EXERCISE DESCRIPTION — Your copy begins at the line with "Another color ghost" and runs through the end of the data below. Set down only those lines exactly, without pictures.

DATA SUPPLIED —
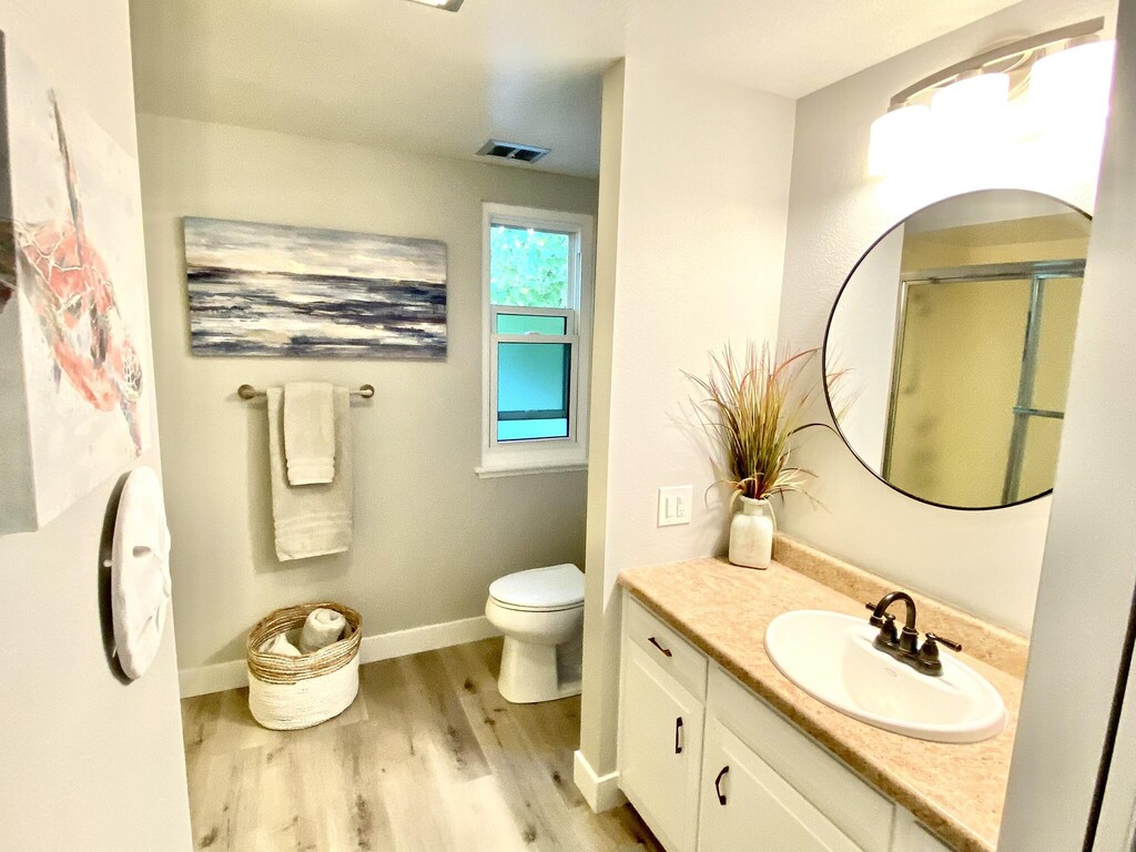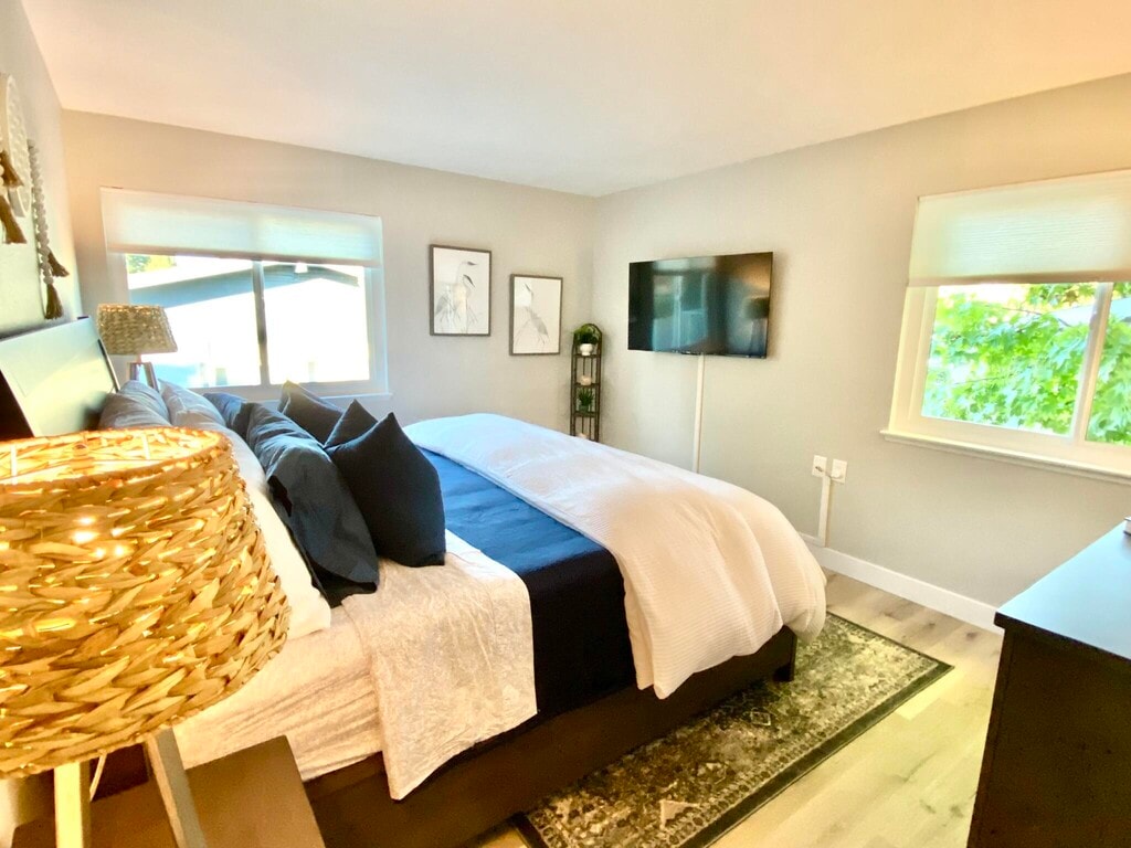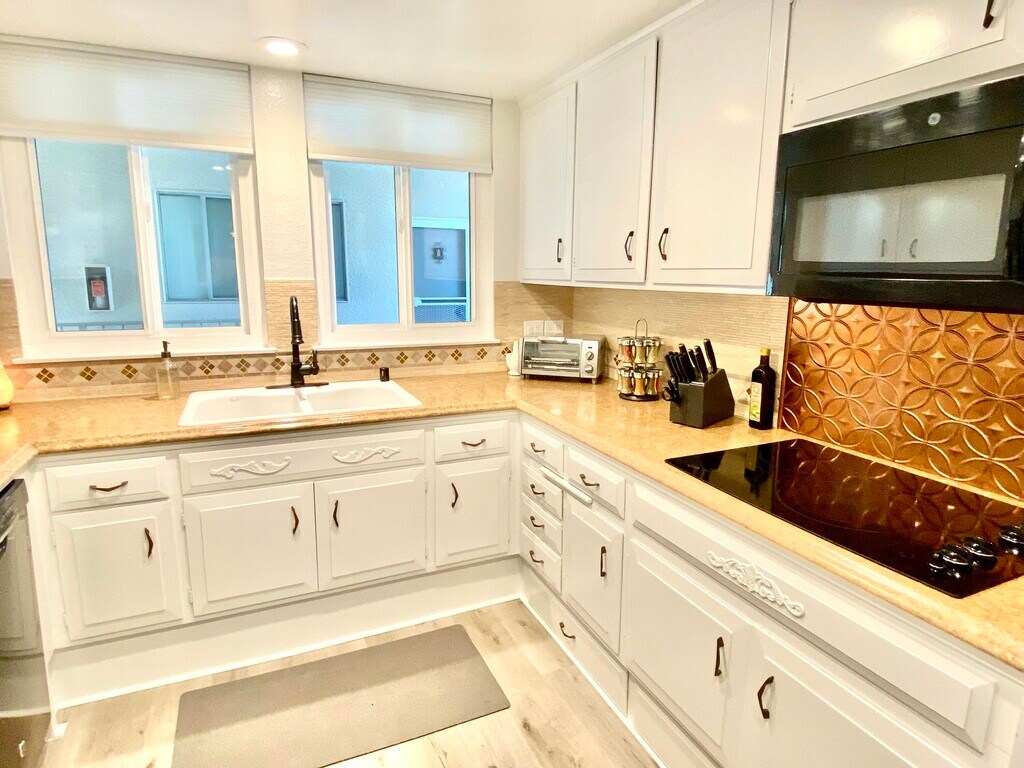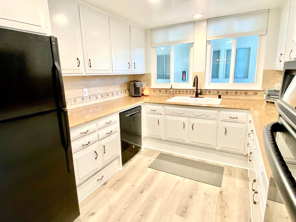 This beautiful Casa Blanca unit was recently updated and being leased turnkey boasting great natural light,with 2 Bedrooms and 2 baths and nestled between tree-filled courtyards in a quiet area. Views of greenbelt passageways,garden greenery and flowers surround. This home recently had new windows,new blinds,new flooring,new paint,baseboard,door molding,hardware,lighting,TV's,kitchen plates,dishes utensils not to mention mostly new furniture and sofa with 3 recliners built in and decor accessories. Laguna Woods Village residents enjoy a private 27-hole golf course plus an executive 9-hole par 3 golf course,5 swimming pools,7 clubhouses,over 250 social organizations,equestrian center,3 fitness centers,a theater and more. THIS IS A 55+ COMMUNITY. Enjoy luxury living at an affordable cost. Conveniently located near beaches,shopping,medical facilities,freeways,Irvine Spectrum,eight miles to Laguna Beach and a 20 min drive to OC Airport. Lease term is for 4-6 month available starting Mid December or January 1st. For each applicant,submit a C.A.R Application to Rent,ID,Credit Report w/FICO Score,Criminal Background Check Report and proof of income for landlord's approval (Rentspree provides the reports for $50/applicant) at . Tenant to pay $170 lease transfer fee to GRF. NO SMOKING. LWV has smoking regulations. Owner is a licensed CA Real Estate agent.
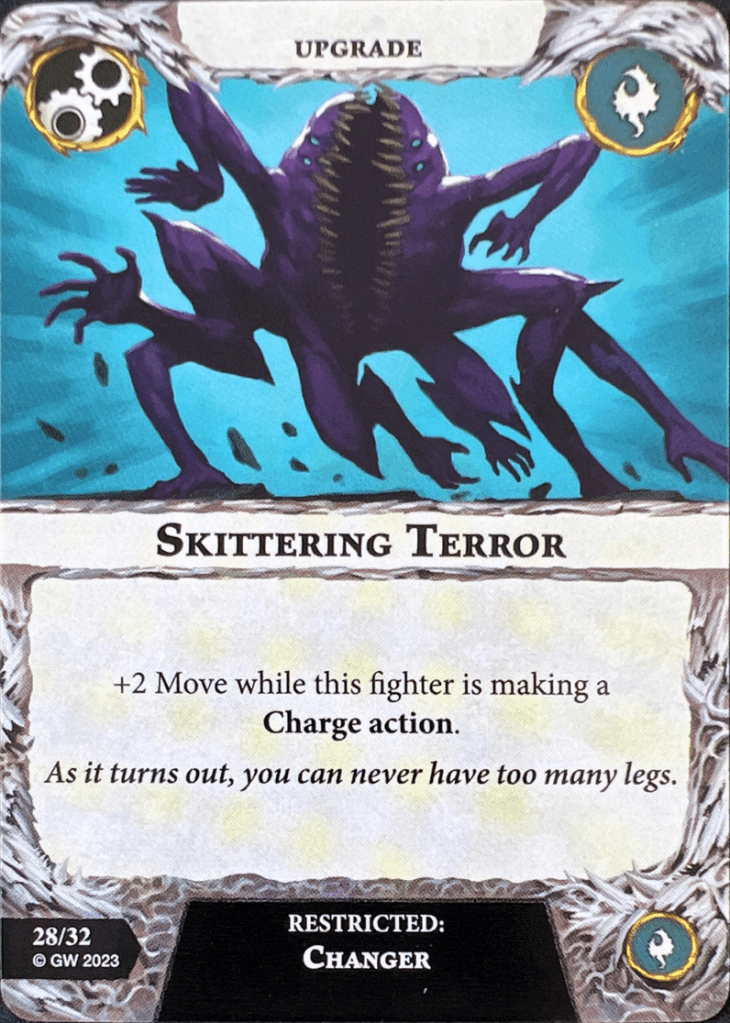 Skittering Terror – Restricted to changers, gives them +2 move when they are charging. I don’t like how it’s restricted only to changers, who are meant to be expendable, but I do like the card. This lets Spawnmaw go to a staggering 10 hex threat range! That, or it can be used to reach people who thought they were safe, since they are a couple hexes out of your threat range. If you are into aggro, this is great. If you are into hold objective, run Shadow Mover. However, most of your fighters don’t have threat range problems, meaning this card is solving a problem that isn’t problematic.
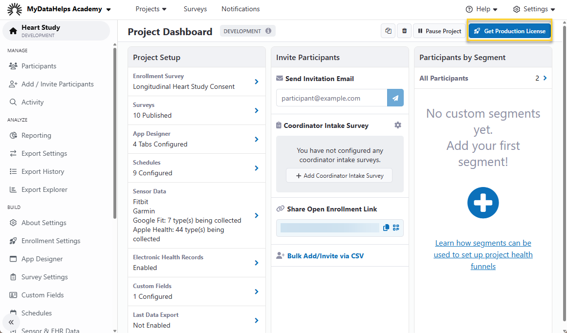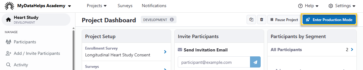 You will need a Production License before you can promote your project to Production Mode. Follow the Get Production License instructions within MyDataHelps Designer or contact us. See "Promoting to Production Mode" below for further details.
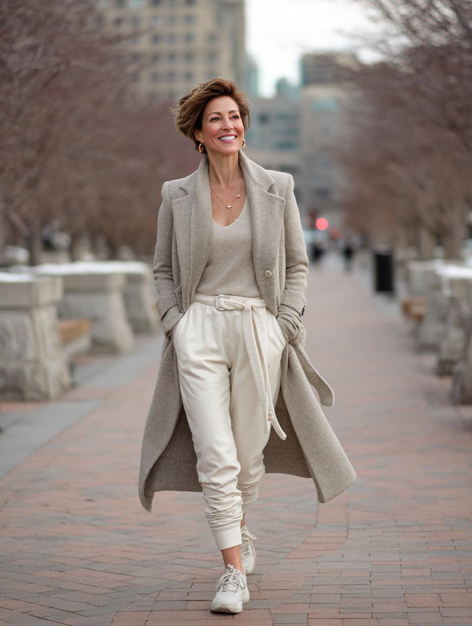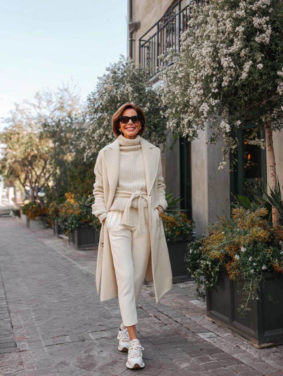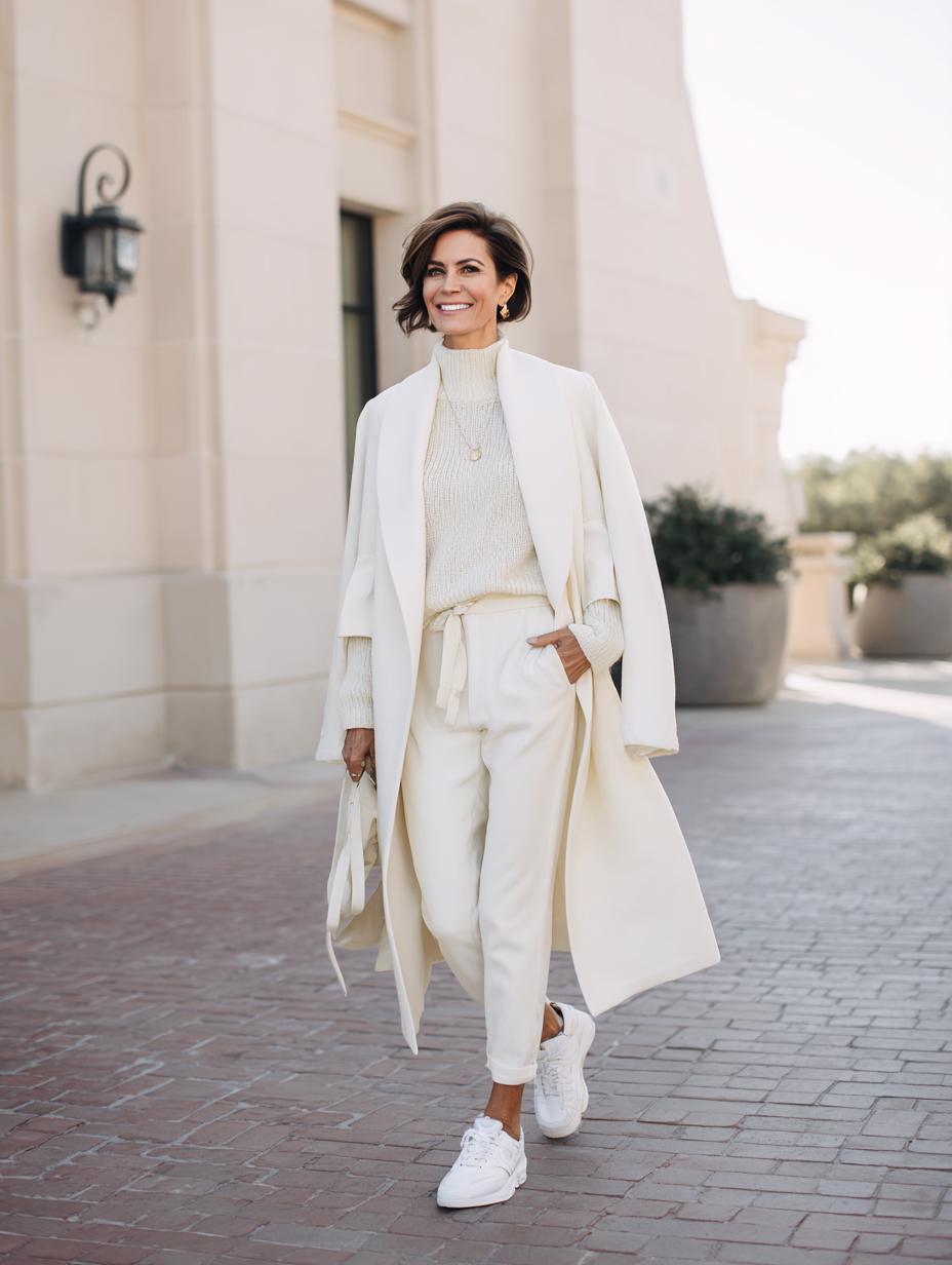 Cream cashmere sweater pairs effortlessly with matching wide-leg trousers, creating an elevated monochromatic foundation. Layer a flowing ivory wool coat for sophisticated warmth that moves beautifully. White leather sneakers ground the luxe fabrics with contemporary edge, while the relaxed silhouette flatters every figure. Perfect for upscale errands, lunch meetings, or weekend gallery visits when comfort meets refinement.
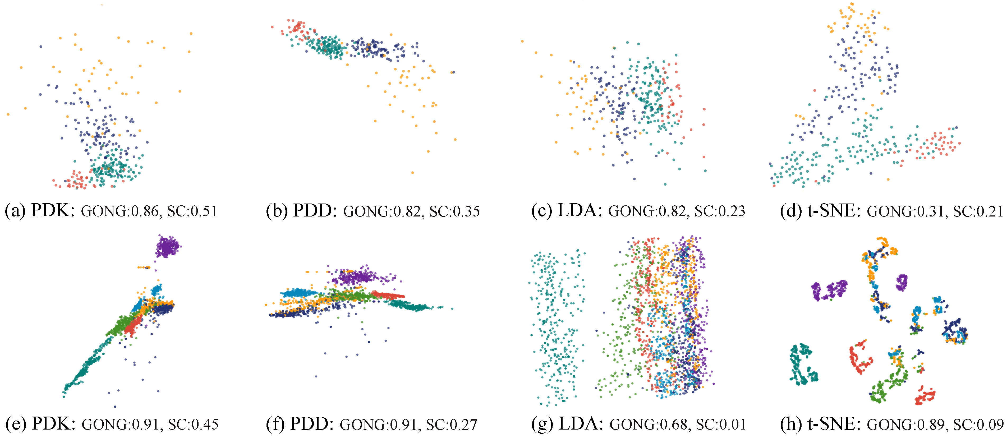 Figure 3: Comparing the class separation quality of PDK, PDD, LDA, and t-SNE (left to right) on FORESTTYPE dataset (top) and STATLOG (bottom) dataset, where the resultant GONG and SC scores for each data are shown next to each subfigure.
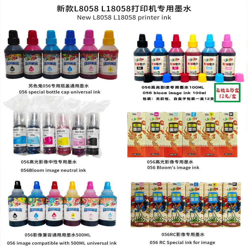 Another color ghost 056 ink, new model L8058 and L18058, universal ink, high-gloss imaging, RC imaging ink, multiple categories available for selection.
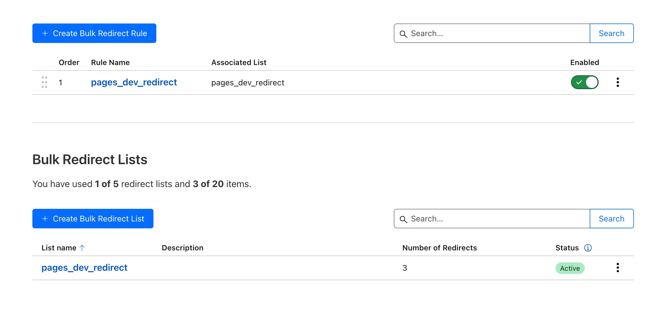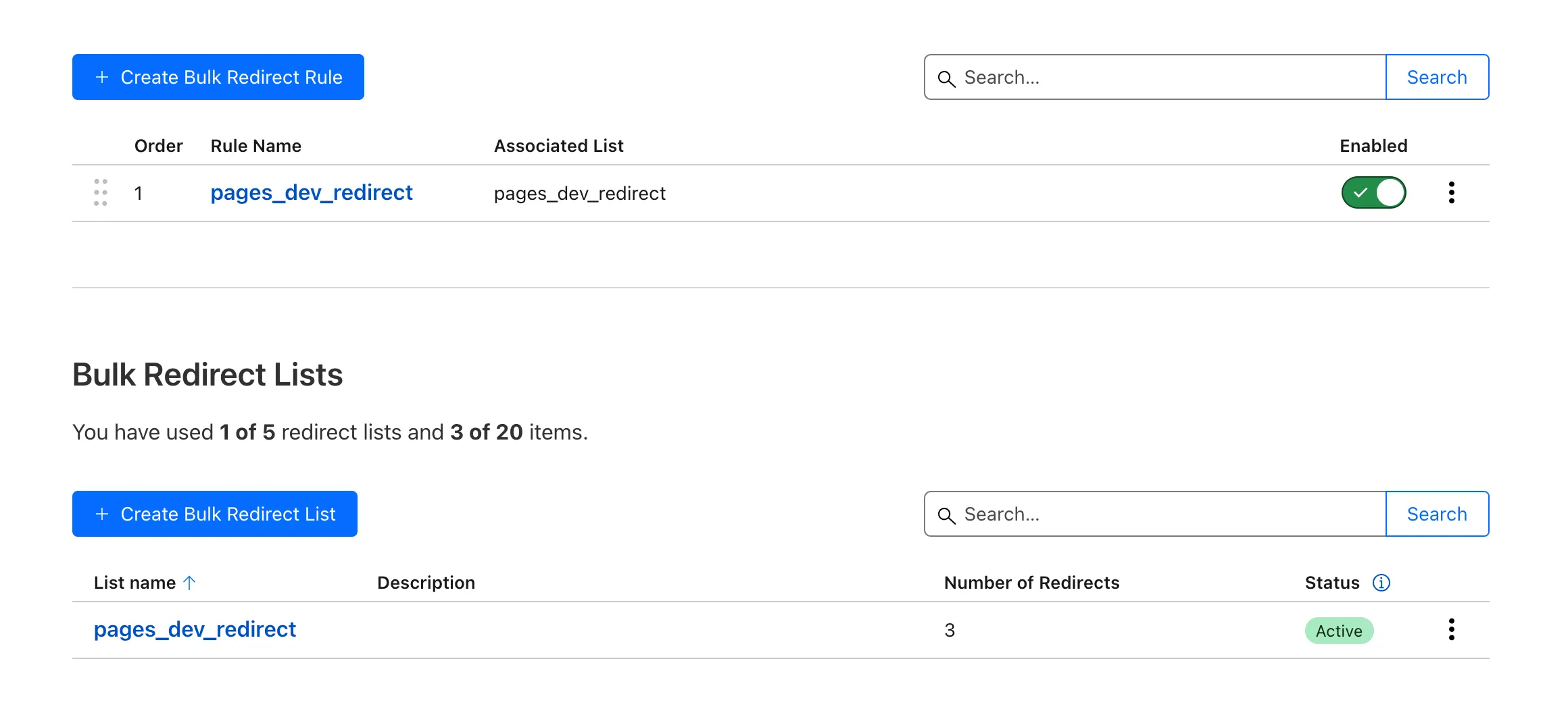 「Save and Deploy」をクリックして、Bulk Redirect ページでルールの Enabled にチェックが入り、リストの Status が「Active」になっていれば設定完了です 🎉
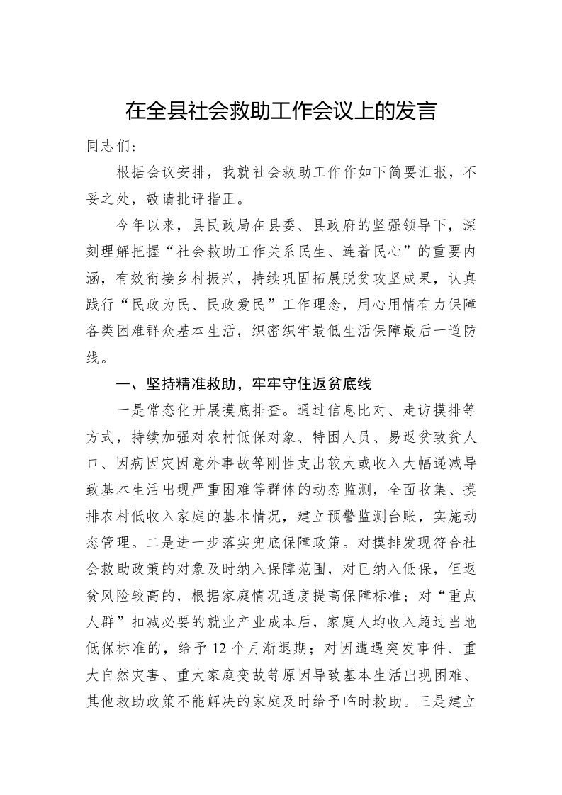 / 在全县社会救助工作会议上的发言
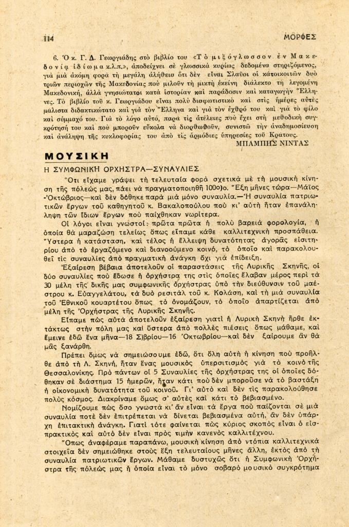 Καραηλίας Ευάγγελος, «Μουσική. Η συμφωνική ορχήστρα-Συναυλίες», Μορφές, τχ. 27 (Δεκέμβριος 1948), σ. 114-115
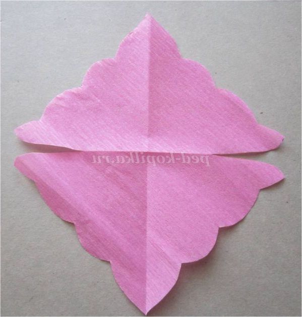 Візьмемо рожеву гофрований папір і виріжемо квадрат 15х15 см.

EXERCISE RESPONSE —
 Another color ghost 056 ink, new model L8058 and L18058, universal ink, high-gloss imaging, RC imaging ink, multiple categories available for selection.
 「Save and Deploy」をクリックして、Bulk Redirect ページでルールの Enabled にチェックが入り、リストの Status が「Active」になっていれば設定完了です 🎉
 / 在全县社会救助工作会议上的发言
 Καραηλίας Ευάγγελος, «Μουσική. Η συμφωνική ορχήστρα-Συναυλίες», Μορφές, τχ. 27 (Δεκέμβριος 1948), σ. 114-115
 Візьмемо рожеву гофрований папір і виріжемо квадрат 15х15 см.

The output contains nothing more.